The controversy continued for eighteen months. Mayo Graham of the Public Works Capital Region Advisory Committee felt that "both the sculpture and its location" were fine, but was not happy with what he called the "bus 'hut,' bench, and surrounding planting", as he wrote in a letter to Bob Osler, Acting Chief of Environmental Design, dated 9 August 1977:Frankly, I think that we should care enough about the sculpture to highlight it... rather than try to hide or detract from it with these other unattractive elements. I hope there is still the possibility of convincing those in charge to keep the Nugent sculpture in place.

Contemporary work seems naturally to draw hostility, but I feel that this work deserves complete support.
— Mayo Graham

===Removals and re-installations===

Whelan panned me, the press panned me, people in the building panned me... I was lucky to get out of Winnipeg alive.
— John Nugent

For 20 years, we banished John Nugent's graceful No. 1 Northern steel wheatfield sculpture because of the tastes of a few cranky taxpayers.
— Morley Walker (arts critic for the Winnipeg Free Press)

By July 1978, Baxter had prevailed: local Public Works officials were fed up with the controversy, and with the blessing of the new Public Works Minister Judd Buchanan, announced that No. 1 Northern would be "cut in pieces" and moved "somewhere" on 1 August.
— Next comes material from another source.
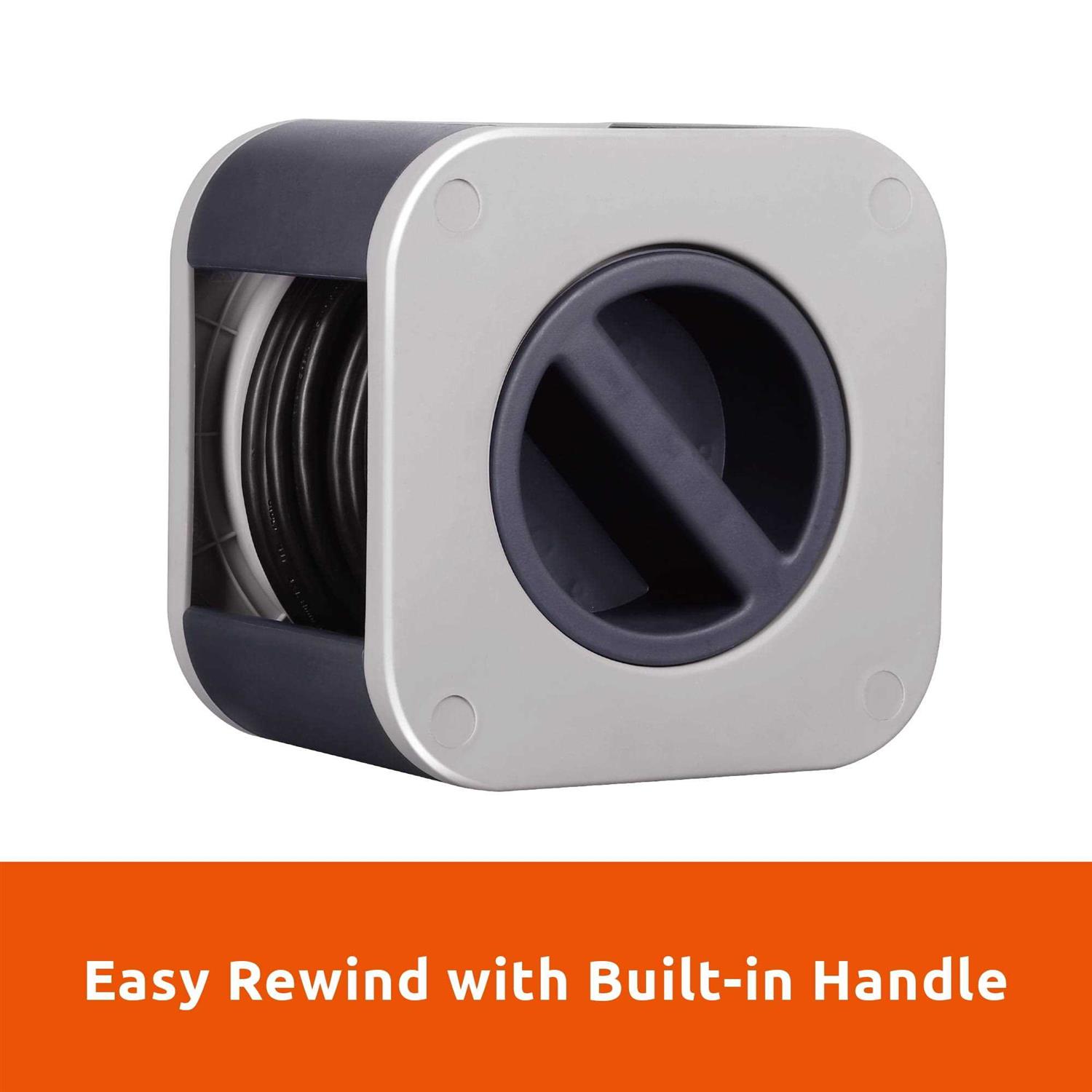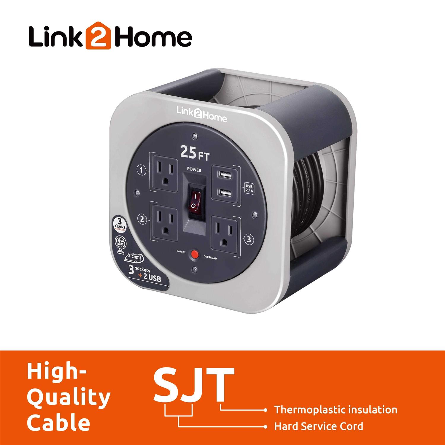 Tangle free cord management; easily winds into reel keeping cords neat and tidy for next use Built-in circuit breaker will automatically protect devices from damage Connect small appliances, devices, tools found throughout the home, office, garage, backyard, etc. Compact and easy to carry; unique four-handle design enables easy transport and compact storage CSA certified. 25ft cord reel. 2.4A fast charge Link2Home Cord Reel 25 ft. Extension Cord 3 Power Outlets, 2 USB Ports, 2.4A Fast Charge with16 AWG SJT Cable is the perfect power solution for your home, garage, backyard, tiny spaces, urban living or office. Tangle free cord management helps cords stay organized and tidy for next use. Extension cord reel features easy grip handle for smooth rewind. Compact design enables easy storage for when not in use. Lightweight four handle design.
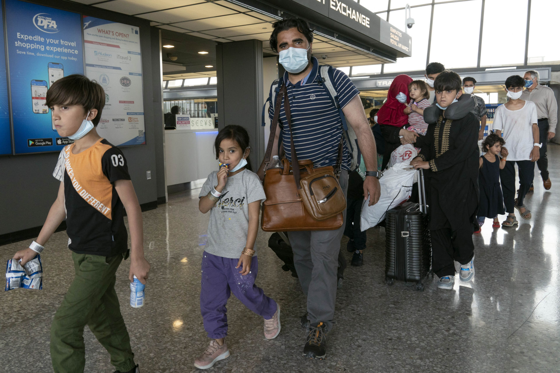 Người di tản từ Afghanistan đến phi trường Washington Dulles International Airport, ở Chantilly, Virginia. (Hình minh họa: AP Photo/Jose Luis Magana)

Nugent heard about this while working at his studio in Lumsden, Saskatchewan and a legal standoff began. Canadian Artists Representation filed an action to stop the removal of Nugent's work; the sculptor was given one month to choose between two sites, though he felt that neither one was suitable. Accounts of what happened next vary; there were rumours that "it simply disappeared one night and no one claimed to know who was responsible." Late in the night of 31 August, against the protestations of Nugent's lawyer, officials dismantled the work (possibly while legal proceedings were ongoing) when it was cut up and taken to a federal warehouse in Lockport. Nugent said afterwards: "They can decide what to do with it now... It seems futile to sue." But sue Nugent did, for "damages to the artist's reputation", as well as breach of contract.

Two years later, No. 1 Northern was reinstalled in front of a Revenue Canada building, the Winnipeg Taxation Centre on Stapon Road. Upset that his work had not been supported the first time around, Nugent said he was not interested in the re-installation, and that since the sculpture had been cut into pieces and reassembled "it wasn't his original work anymore." "I've disowned it... The minute the government vandalized it I disowned it."

In 1993, the work was quietly moved a second time, this time to a Winnipeg scrapyard in the salvage area, "in pieces", unbeknownst to Nugent, who asked for the public's help in finding the piece. A Public Works spokesperson later said it was moved because new pathways into the building passed too near the sculpture and the department was concerned "children might climb on it". In Spring 1997, Nugent discovered what had become of his work and complained, along with many other artists, about the way Public Works stored pieces of art it owned. The department made a commitment to restoring the sculpture and finding a prominent, public setting for it following public reaction to news of its deterioration.

Later the same year, almost twenty years after it was removed, No. 1 Northern was reinstalled in front of the Grain Commission building. Another two decades later, Di Brandt, Winnipeg's first poet laureate, suggested that as the Winnipeg Arts Council's contemporary public art program has developed, Nugent's work no longer seems risqué: "It brightens up the grey streets, and provides a nice horizontal homage to our Prairie landscape and agricultural heritage among all those tall vertical buildings."